> _Try it_: Write the entries out again exactly; any picture among them gets left out.

Records from a dataset

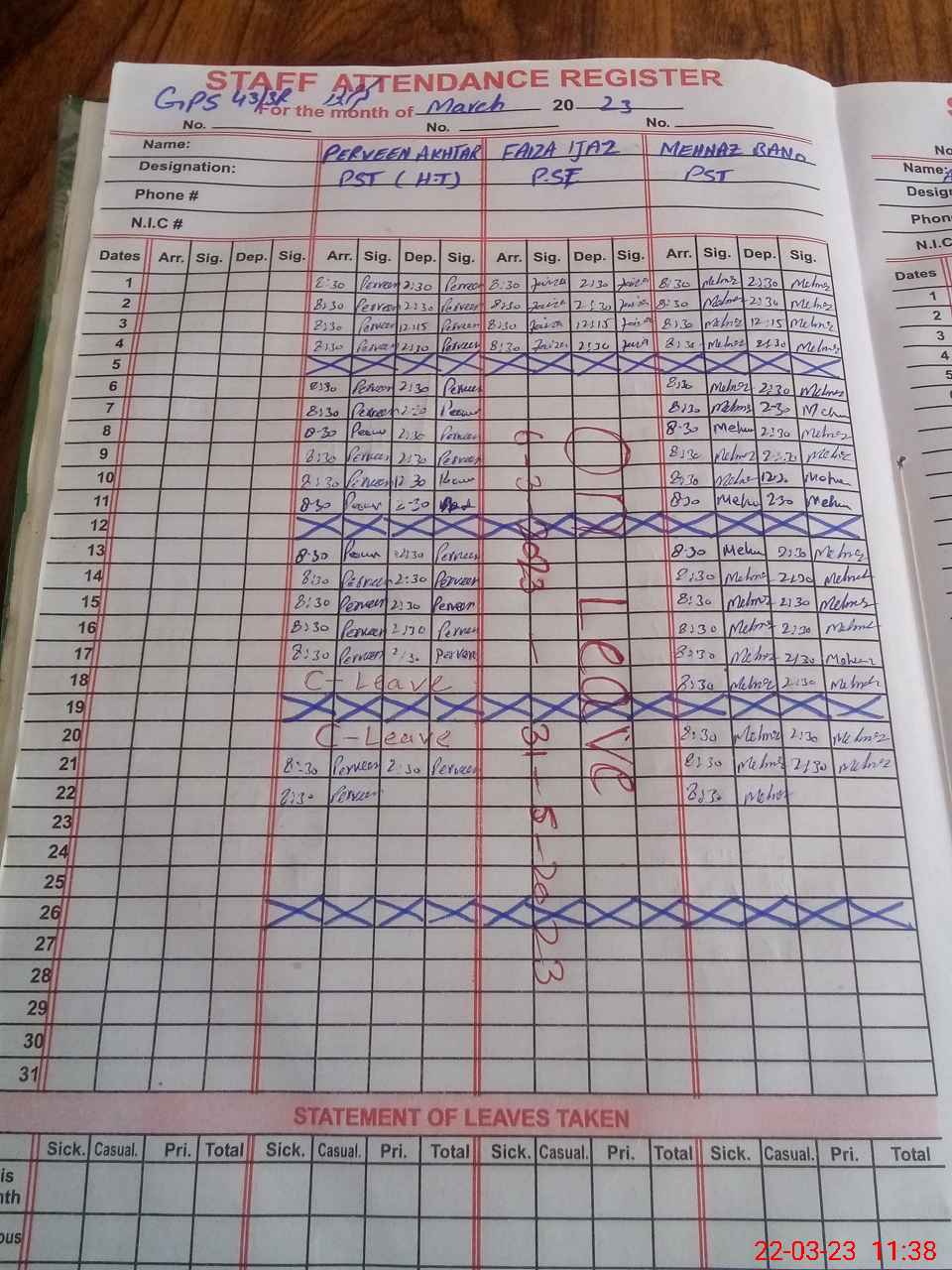 | CNIC | Full Name | Designation | R/C | Absence During Last Calender Month |
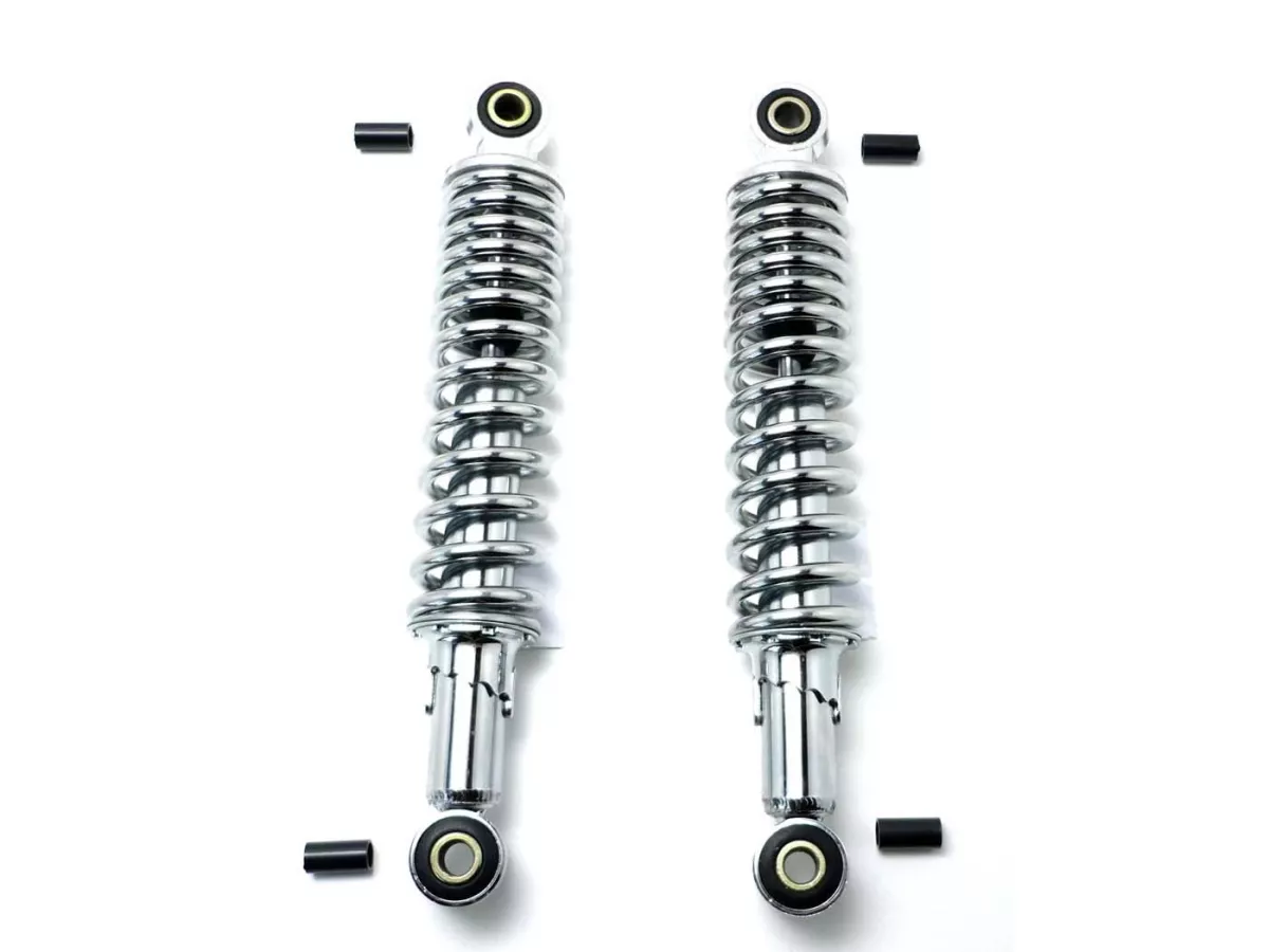 300mm Chrom Federbeine, 5-fach einstellbar, progressiv. Befestigungsbuchsen Ø 10mm, mit Adapter auf 8mm reduzierbar. Federdicke ca. 7mm, FederØ ca. 46mm. Länge Auge zu Auge. Passend für Kreidler, Zündapp, Hercules, Puch usw.
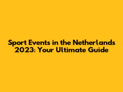 Top Sport Events In The Netherlands 2023: Your Ultimate Guide
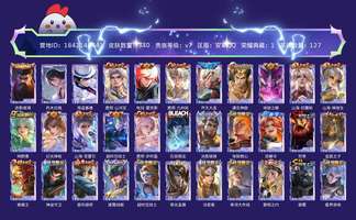 贵族等级:v7皮肤数:340荣耀典藏1 传说品质13 生肖限定10 珍品传说2 英雄数:127
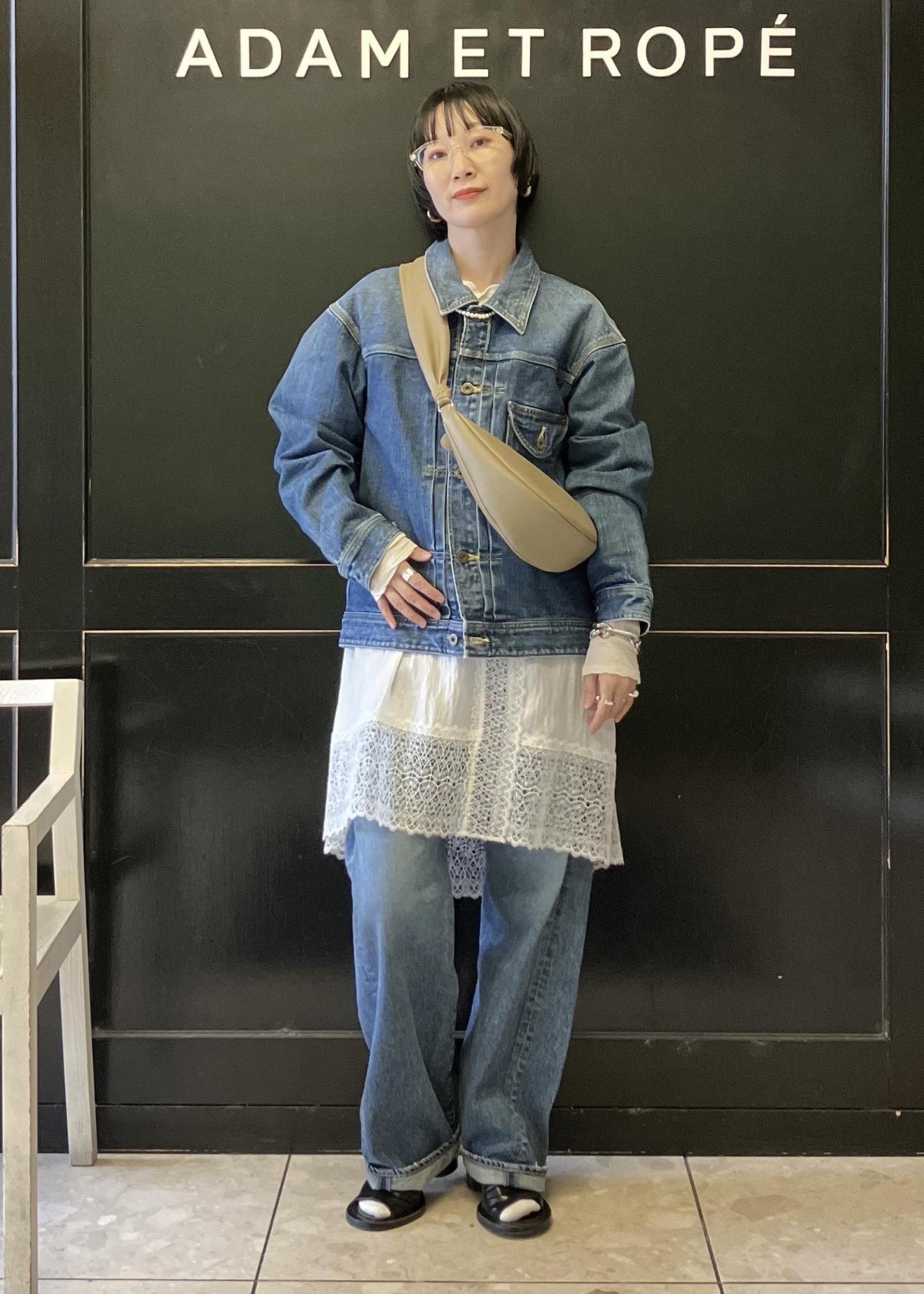 しっかりヒップもカバーしてくれるので細身パンツやタイトスカートと合わせるとメリハリが出て好相性。
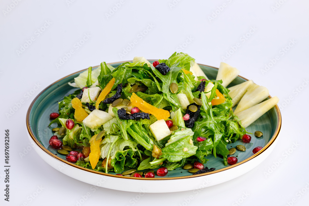 Plate of Fresh Vegetable Salad with Pomegranate Seeds and Cheese Cubes
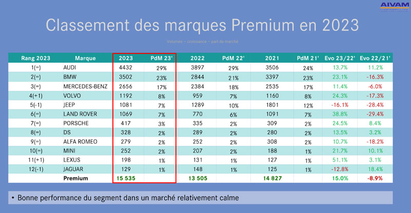 Concernant le marché Premium, ses ventes représentent cette année 10.7% (+1.3%) des ventes totales VP. Soulignons ici qu’il a réalisé une croissance supérieure à celle du marché généraliste, tout en renforçant davantage sa position sur les véhicules électrifiés. La part de l’hybride et de l’hybride rechargeable s’est ainsi établie à 4% sur le segment Premium, contre 0.6% pour l’ensemble du marché.

> _Solution for this task_:
 | CNIC | Full Name | Designation | R/C | Absence During Last Calender Month |
 300mm Chrom Federbeine, 5-fach einstellbar, progressiv. Befestigungsbuchsen Ø 10mm, mit Adapter auf 8mm reduzierbar. Federdicke ca. 7mm, FederØ ca. 46mm. Länge Auge zu Auge. Passend für Kreidler, Zündapp, Hercules, Puch usw.
 Top Sport Events In The Netherlands 2023: Your Ultimate Guide
 贵族等级:v7皮肤数:340荣耀典藏1 传说品质13 生肖限定10 珍品传说2 英雄数:127
 しっかりヒップもカバーしてくれるので細身パンツやタイトスカートと合わせるとメリハリが出て好相性。
 Plate of Fresh Vegetable Salad with Pomegranate Seeds and Cheese Cubes
 Concernant le marché Premium, ses ventes représentent cette année 10.7% (+1.3%) des ventes totales VP. Soulignons ici qu’il a réalisé une croissance supérieure à celle du marché généraliste, tout en renforçant davantage sa position sur les véhicules électrifiés. La part de l’hybride et de l’hybride rechargeable s’est ainsi établie à 4% sur le segment Premium, contre 0.6% pour l’ensemble du marché.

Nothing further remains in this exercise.